__WORK REQUEST__
Set down exactly, from the records below, the line with "4. 【汰劣留良】 指淘汰掉低劣的而留下精良的。" through the line with "في هذه الحالة", and nothing else.

__LISTED RECORDS__
* * * * * * * * *

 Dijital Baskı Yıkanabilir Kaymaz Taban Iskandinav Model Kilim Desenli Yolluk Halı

* * * * * * * * *

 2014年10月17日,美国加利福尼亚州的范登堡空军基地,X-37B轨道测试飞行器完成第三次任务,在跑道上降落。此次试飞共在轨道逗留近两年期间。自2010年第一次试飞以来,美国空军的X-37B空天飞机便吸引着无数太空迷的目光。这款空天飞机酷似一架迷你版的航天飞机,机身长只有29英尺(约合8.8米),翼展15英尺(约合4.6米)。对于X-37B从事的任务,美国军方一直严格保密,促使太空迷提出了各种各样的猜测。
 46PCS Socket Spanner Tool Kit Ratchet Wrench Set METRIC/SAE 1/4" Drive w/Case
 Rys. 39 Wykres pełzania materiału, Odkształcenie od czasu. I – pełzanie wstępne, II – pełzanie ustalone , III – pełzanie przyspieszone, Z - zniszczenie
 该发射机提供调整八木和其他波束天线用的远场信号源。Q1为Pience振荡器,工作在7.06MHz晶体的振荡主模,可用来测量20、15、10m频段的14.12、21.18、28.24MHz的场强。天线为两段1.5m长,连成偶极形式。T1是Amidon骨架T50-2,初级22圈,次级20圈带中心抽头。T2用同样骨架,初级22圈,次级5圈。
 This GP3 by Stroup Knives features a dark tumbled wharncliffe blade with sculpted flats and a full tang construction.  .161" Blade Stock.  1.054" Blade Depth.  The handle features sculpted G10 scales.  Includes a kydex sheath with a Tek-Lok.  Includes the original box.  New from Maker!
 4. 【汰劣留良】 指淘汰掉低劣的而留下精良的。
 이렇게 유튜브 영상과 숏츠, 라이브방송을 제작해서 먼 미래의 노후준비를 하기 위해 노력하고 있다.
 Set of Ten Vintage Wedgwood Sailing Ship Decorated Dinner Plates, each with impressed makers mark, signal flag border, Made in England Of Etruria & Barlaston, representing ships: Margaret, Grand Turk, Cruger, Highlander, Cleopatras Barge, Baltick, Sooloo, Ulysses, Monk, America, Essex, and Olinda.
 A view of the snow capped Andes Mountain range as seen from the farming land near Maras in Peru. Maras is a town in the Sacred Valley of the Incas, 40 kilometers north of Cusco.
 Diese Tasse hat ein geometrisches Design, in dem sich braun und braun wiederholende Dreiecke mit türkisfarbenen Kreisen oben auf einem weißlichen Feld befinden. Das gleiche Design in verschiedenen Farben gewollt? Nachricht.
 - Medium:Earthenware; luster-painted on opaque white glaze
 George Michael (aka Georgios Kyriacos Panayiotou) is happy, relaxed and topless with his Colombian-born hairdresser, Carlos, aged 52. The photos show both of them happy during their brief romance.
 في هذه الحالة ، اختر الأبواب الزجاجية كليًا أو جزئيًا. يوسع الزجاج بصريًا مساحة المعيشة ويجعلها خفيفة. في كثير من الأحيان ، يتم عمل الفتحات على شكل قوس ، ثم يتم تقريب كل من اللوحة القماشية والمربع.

* * * * * * * * *

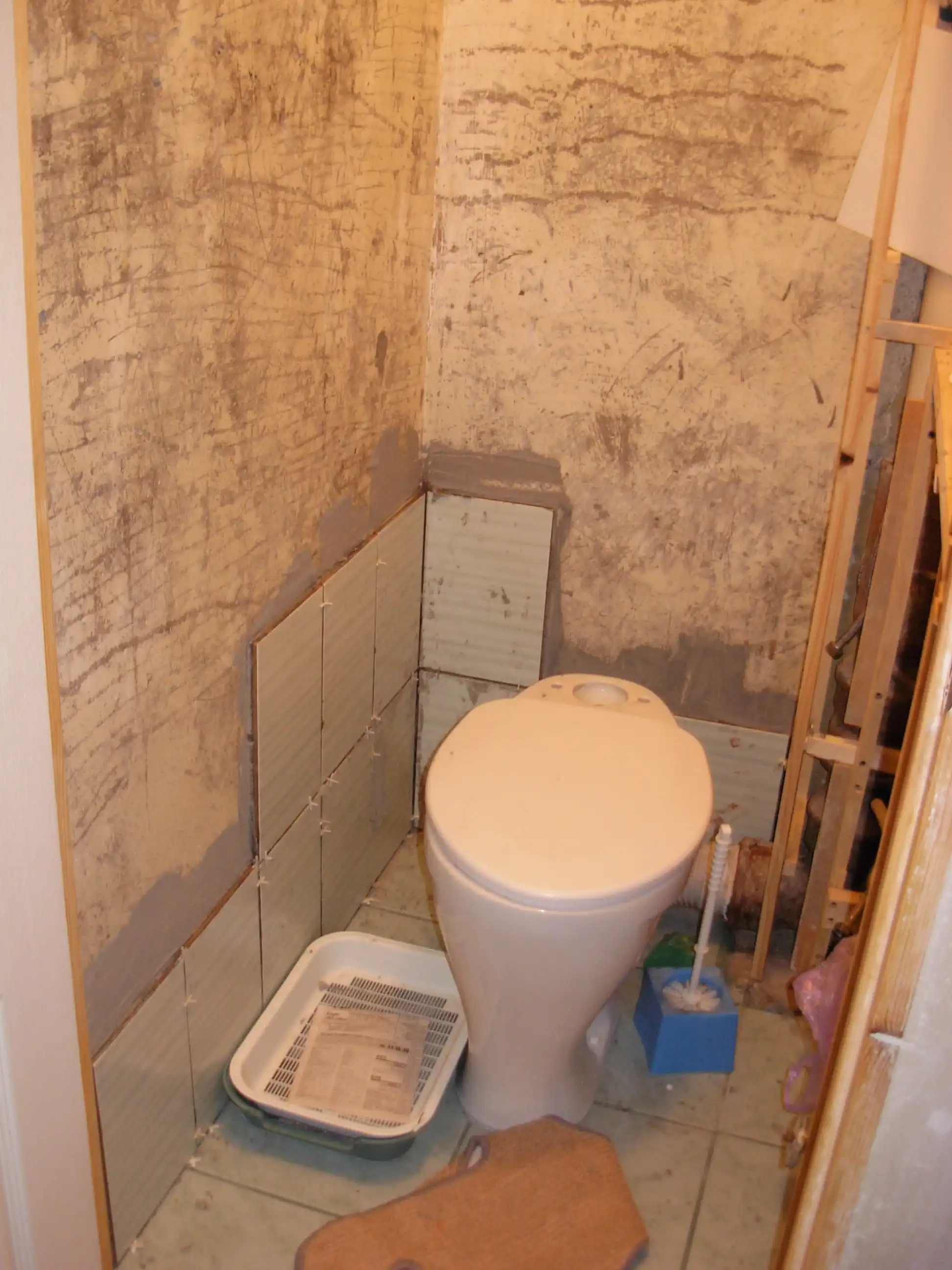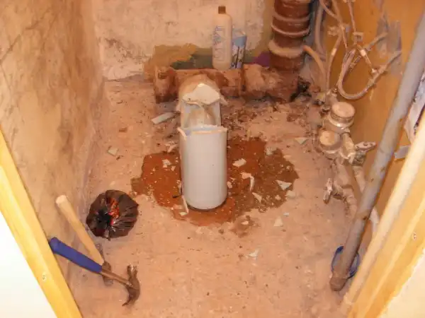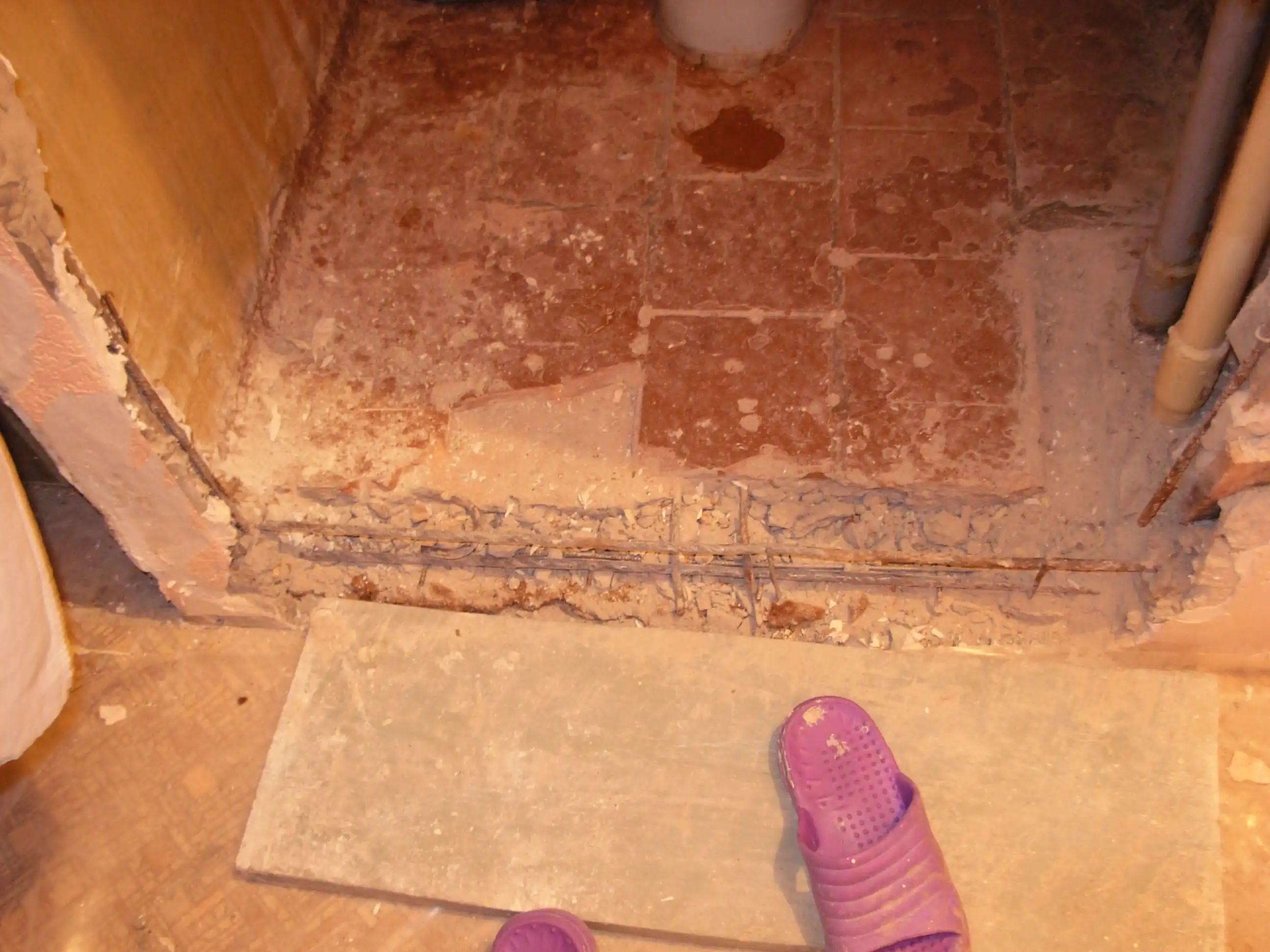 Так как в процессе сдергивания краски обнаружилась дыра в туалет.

* * * * * * * * *

__COMPLETED TASK__
 4. 【汰劣留良】 指淘汰掉低劣的而留下精良的。
 이렇게 유튜브 영상과 숏츠, 라이브방송을 제작해서 먼 미래의 노후준비를 하기 위해 노력하고 있다.
 Set of Ten Vintage Wedgwood Sailing Ship Decorated Dinner Plates, each with impressed makers mark, signal flag border, Made in England Of Etruria & Barlaston, representing ships: Margaret, Grand Turk, Cruger, Highlander, Cleopatras Barge, Baltick, Sooloo, Ulysses, Monk, America, Essex, and Olinda.
 A view of the snow capped Andes Mountain range as seen from the farming land near Maras in Peru. Maras is a town in the Sacred Valley of the Incas, 40 kilometers north of Cusco.
 Diese Tasse hat ein geometrisches Design, in dem sich braun und braun wiederholende Dreiecke mit türkisfarbenen Kreisen oben auf einem weißlichen Feld befinden. Das gleiche Design in verschiedenen Farben gewollt? Nachricht.
 - Medium:Earthenware; luster-painted on opaque white glaze
 George Michael (aka Georgios Kyriacos Panayiotou) is happy, relaxed and topless with his Colombian-born hairdresser, Carlos, aged 52. The photos show both of them happy during their brief romance.
 في هذه الحالة ، اختر الأبواب الزجاجية كليًا أو جزئيًا. يوسع الزجاج بصريًا مساحة المعيشة ويجعلها خفيفة. في كثير من الأحيان ، يتم عمل الفتحات على شكل قوس ، ثم يتم تقريب كل من اللوحة القماشية والمربع.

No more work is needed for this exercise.